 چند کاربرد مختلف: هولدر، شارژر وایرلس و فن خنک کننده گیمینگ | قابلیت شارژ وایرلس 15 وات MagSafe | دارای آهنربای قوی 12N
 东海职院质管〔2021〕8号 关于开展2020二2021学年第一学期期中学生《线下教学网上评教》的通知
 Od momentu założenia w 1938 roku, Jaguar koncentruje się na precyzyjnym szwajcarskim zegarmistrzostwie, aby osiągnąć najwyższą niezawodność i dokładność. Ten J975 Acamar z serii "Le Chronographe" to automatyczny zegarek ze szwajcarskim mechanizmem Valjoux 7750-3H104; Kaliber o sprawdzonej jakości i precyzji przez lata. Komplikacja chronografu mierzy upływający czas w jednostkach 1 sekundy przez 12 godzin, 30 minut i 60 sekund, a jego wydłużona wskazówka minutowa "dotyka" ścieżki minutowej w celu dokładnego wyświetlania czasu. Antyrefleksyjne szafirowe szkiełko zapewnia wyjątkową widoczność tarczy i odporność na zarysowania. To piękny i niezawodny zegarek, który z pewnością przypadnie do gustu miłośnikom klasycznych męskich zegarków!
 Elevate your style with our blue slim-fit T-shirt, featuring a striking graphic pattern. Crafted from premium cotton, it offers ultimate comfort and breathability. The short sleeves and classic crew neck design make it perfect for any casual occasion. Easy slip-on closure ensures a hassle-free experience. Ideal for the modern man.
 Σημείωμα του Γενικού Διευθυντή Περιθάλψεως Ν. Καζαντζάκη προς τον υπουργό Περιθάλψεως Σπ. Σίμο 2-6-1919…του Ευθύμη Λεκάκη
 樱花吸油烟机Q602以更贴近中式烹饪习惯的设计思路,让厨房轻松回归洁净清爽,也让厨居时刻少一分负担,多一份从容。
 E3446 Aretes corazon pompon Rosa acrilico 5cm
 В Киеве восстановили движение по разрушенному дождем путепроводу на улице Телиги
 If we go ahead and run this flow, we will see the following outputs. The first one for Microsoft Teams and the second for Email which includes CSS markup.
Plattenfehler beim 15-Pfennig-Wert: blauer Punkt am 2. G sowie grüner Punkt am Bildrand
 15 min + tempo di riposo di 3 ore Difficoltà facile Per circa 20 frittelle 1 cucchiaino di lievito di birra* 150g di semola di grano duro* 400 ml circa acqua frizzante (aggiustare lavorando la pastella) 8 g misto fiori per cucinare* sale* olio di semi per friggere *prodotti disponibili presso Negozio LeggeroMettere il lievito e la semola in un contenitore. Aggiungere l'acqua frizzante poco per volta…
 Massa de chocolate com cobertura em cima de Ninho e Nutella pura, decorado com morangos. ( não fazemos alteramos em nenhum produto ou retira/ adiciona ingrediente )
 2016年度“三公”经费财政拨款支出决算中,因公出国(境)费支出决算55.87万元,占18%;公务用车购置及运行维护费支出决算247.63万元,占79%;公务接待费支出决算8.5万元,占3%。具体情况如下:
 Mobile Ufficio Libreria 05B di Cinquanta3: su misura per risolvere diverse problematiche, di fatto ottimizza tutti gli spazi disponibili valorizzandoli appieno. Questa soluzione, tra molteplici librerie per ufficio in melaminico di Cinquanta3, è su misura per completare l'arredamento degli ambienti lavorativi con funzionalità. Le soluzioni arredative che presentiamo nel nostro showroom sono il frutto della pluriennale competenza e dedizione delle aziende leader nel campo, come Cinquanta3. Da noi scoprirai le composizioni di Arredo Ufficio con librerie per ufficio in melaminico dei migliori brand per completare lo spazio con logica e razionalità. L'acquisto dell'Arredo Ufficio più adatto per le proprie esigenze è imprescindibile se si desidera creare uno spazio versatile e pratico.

▶ **REQUIRED WORK**
From the data above, output only the lines between the line containing "Elevate your style" and the line containing "樱花吸油烟机Q602以更贴近", inclusive, exactly as written.

▶ **RESPONSE**
 Elevate your style with our blue slim-fit T-shirt, featuring a striking graphic pattern. Crafted from premium cotton, it offers ultimate comfort and breathability. The short sleeves and classic crew neck design make it perfect for any casual occasion. Easy slip-on closure ensures a hassle-free experience. Ideal for the modern man.
 Σημείωμα του Γενικού Διευθυντή Περιθάλψεως Ν. Καζαντζάκη προς τον υπουργό Περιθάλψεως Σπ. Σίμο 2-6-1919…του Ευθύμη Λεκάκη
 樱花吸油烟机Q602以更贴近中式烹饪习惯的设计思路,让厨房轻松回归洁净清爽,也让厨居时刻少一分负担,多一份从容。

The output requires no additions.